Task to complete
The answer must be the lines from the one that holds "The latest OPPO" through the final line of the data, copied exactly, with no pictures.

Content starts

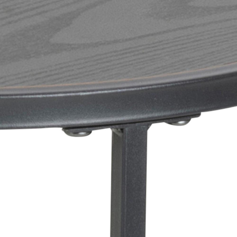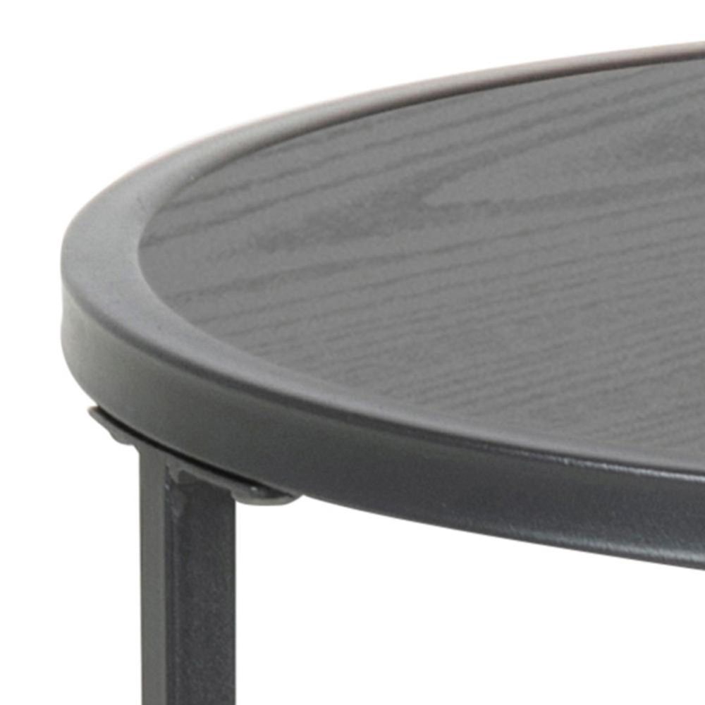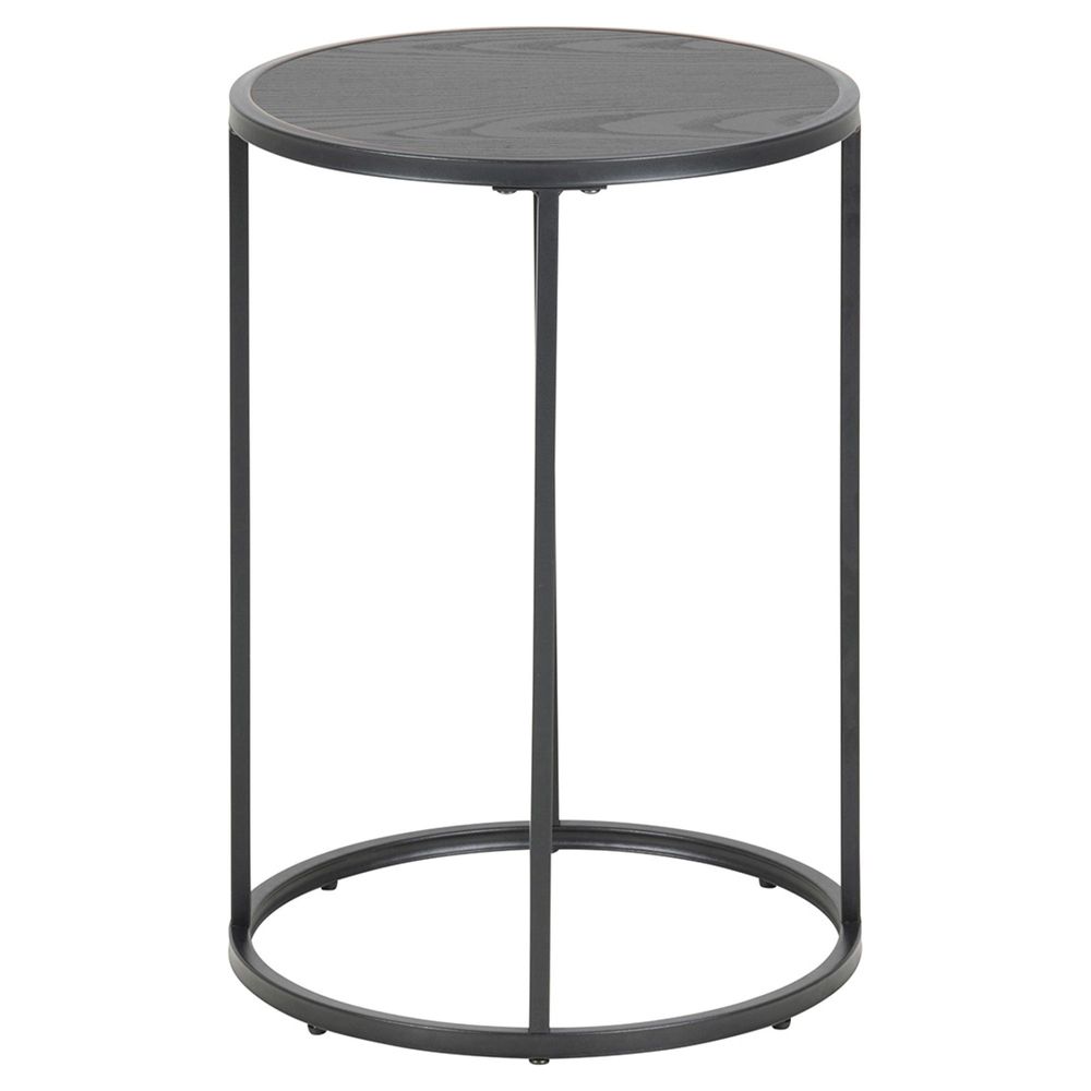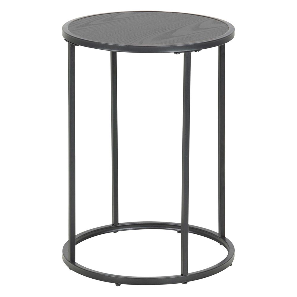 Item Code: 83647 This chic side table features a black finish melamine top supported by metal legs for a timeless look. The round design is perfect for any living space and doesn't take up much room. Perfect for display items, lamps and more without any storage. A simple and stylish piece to complete any room decor.
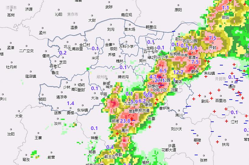 目前,航空港区、新郑、中牟、新密南部有对流降水回波,最大回波强度45~55dBZ。过去1小时最大降水量位于航空港区的文苑小区站27.1毫米。
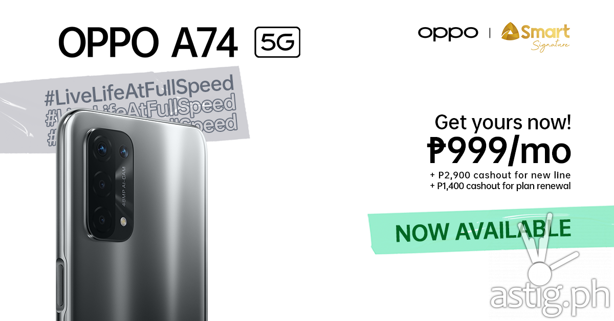 The latest OPPO A74 5G device is now officially available with Smart Signature Plan 999 with at an introductory price that requires only a minimal one-time cash-out of PHP2,900 for new subscribers, and PHP1,400 for recontracting Smart Postpaid customers. The plan comes with 5GB of data, unlimited calls and texts to all networks, and 50 minutes calls to PLDT, and the exclusive offer is available at Smart Stores nationwide and on the Smart Online Store until June 15, 2021 only.
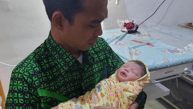 Pada foto yang diunggah itu, Ustaz Abdul Somad terlihat menggendong sang anak. Ia tampak masih berada di rumah sakit.
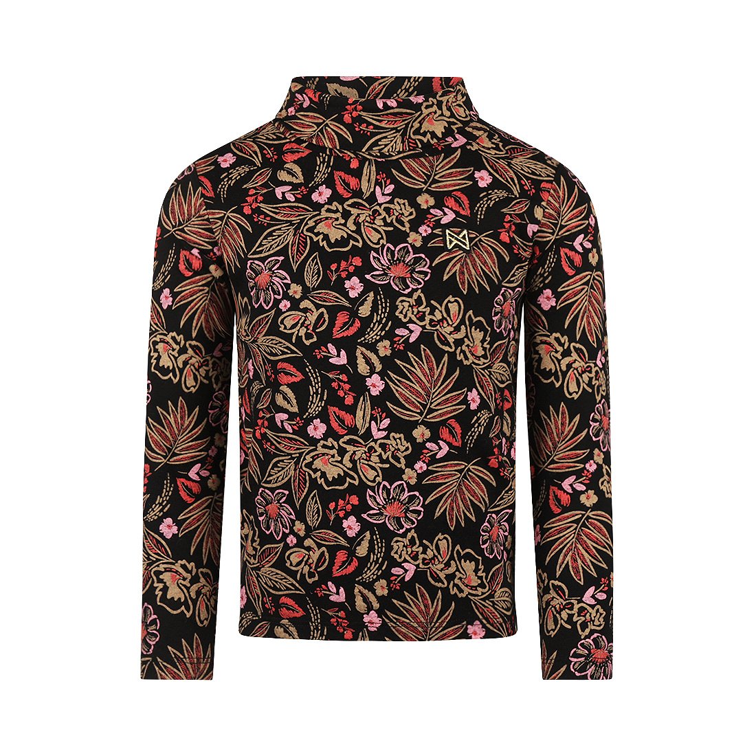 Koko Noko Mädchen Langarmshirt Rolkragen, schwarz mit Blumen
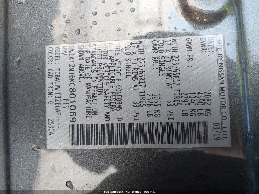2019 NISSAN ROGUE - 5N1AT2MT6KC801069, колір - Сірий, 2.5, Бензин, Передній привід із США
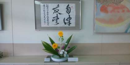 地域の方が定期的に職員玄関にお花をいけてくださっています。今週は2つのお花をいけてくださいました。素敵なお花に生徒も教員も毎日、元気をもらっています。
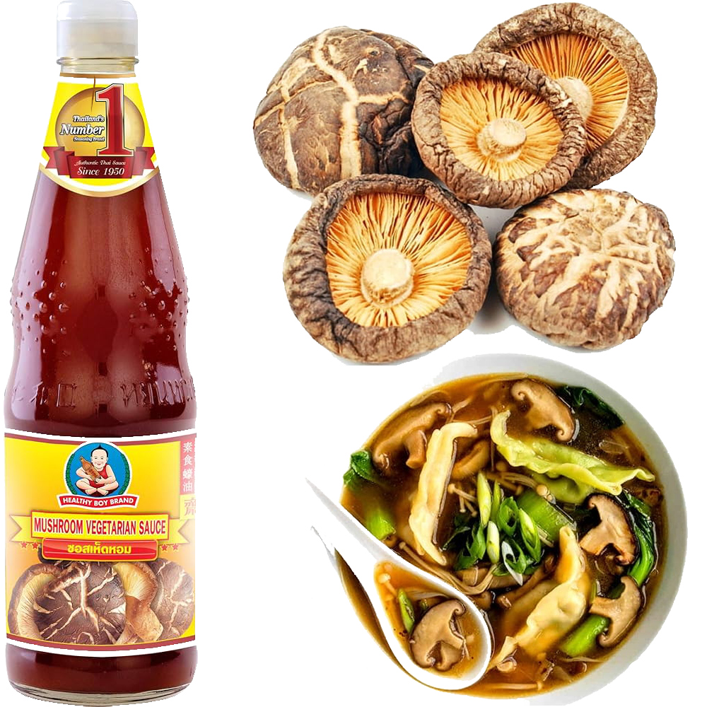 Opis: Sos sojowy grzybowy gęsty firmy Healthy Boy Brand w butelce 700ml. Orientalny sos służący do przygotowania azjatyckich potraw z aromatem grzybów. Idealny dodatek do dań stir-fry, makaronów i ryżu smażonego.
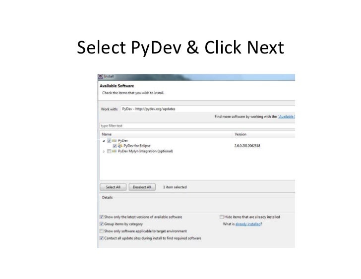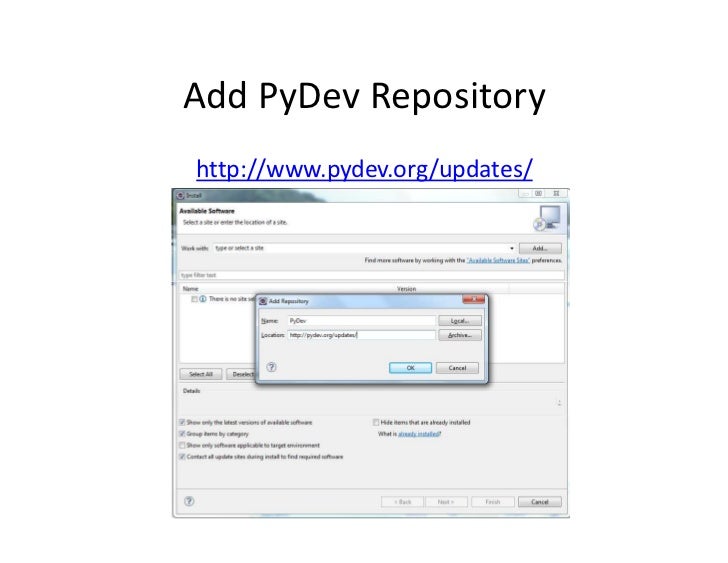 11. 11. Add PyDev Repository http://www.pydev.org/updates/
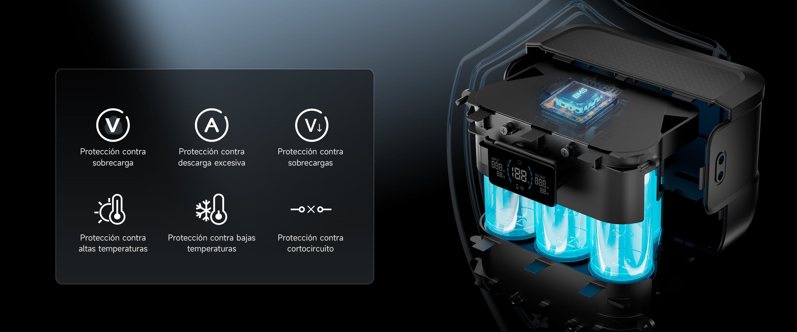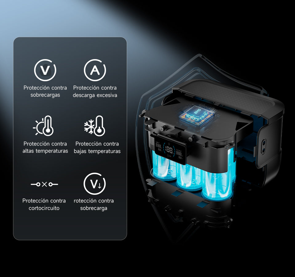 Con ALLPOWERS SOLAX P100, tu seguridad está asegurada. Su sistema BMS avanzado protege contra sobrecarga, descarga excesiva, cortocircuito y sobrecalentamiento. Energía segura, siempre.

Content ends

Task solution
 The latest OPPO A74 5G device is now officially available with Smart Signature Plan 999 with at an introductory price that requires only a minimal one-time cash-out of PHP2,900 for new subscribers, and PHP1,400 for recontracting Smart Postpaid customers. The plan comes with 5GB of data, unlimited calls and texts to all networks, and 50 minutes calls to PLDT, and the exclusive offer is available at Smart Stores nationwide and on the Smart Online Store until June 15, 2021 only.
 Pada foto yang diunggah itu, Ustaz Abdul Somad terlihat menggendong sang anak. Ia tampak masih berada di rumah sakit.
 Koko Noko Mädchen Langarmshirt Rolkragen, schwarz mit Blumen
2019 NISSAN ROGUE - 5N1AT2MT6KC801069, колір - Сірий, 2.5, Бензин, Передній привід із США
 地域の方が定期的に職員玄関にお花をいけてくださっています。今週は2つのお花をいけてくださいました。素敵なお花に生徒も教員も毎日、元気をもらっています。
 Opis: Sos sojowy grzybowy gęsty firmy Healthy Boy Brand w butelce 700ml. Orientalny sos służący do przygotowania azjatyckich potraw z aromatem grzybów. Idealny dodatek do dań stir-fry, makaronów i ryżu smażonego.
 11. 11. Add PyDev Repository http://www.pydev.org/updates/
 Con ALLPOWERS SOLAX P100, tu seguridad está asegurada. Su sistema BMS avanzado protege contra sobrecarga, descarga excesiva, cortocircuito y sobrecalentamiento. Energía segura, siempre.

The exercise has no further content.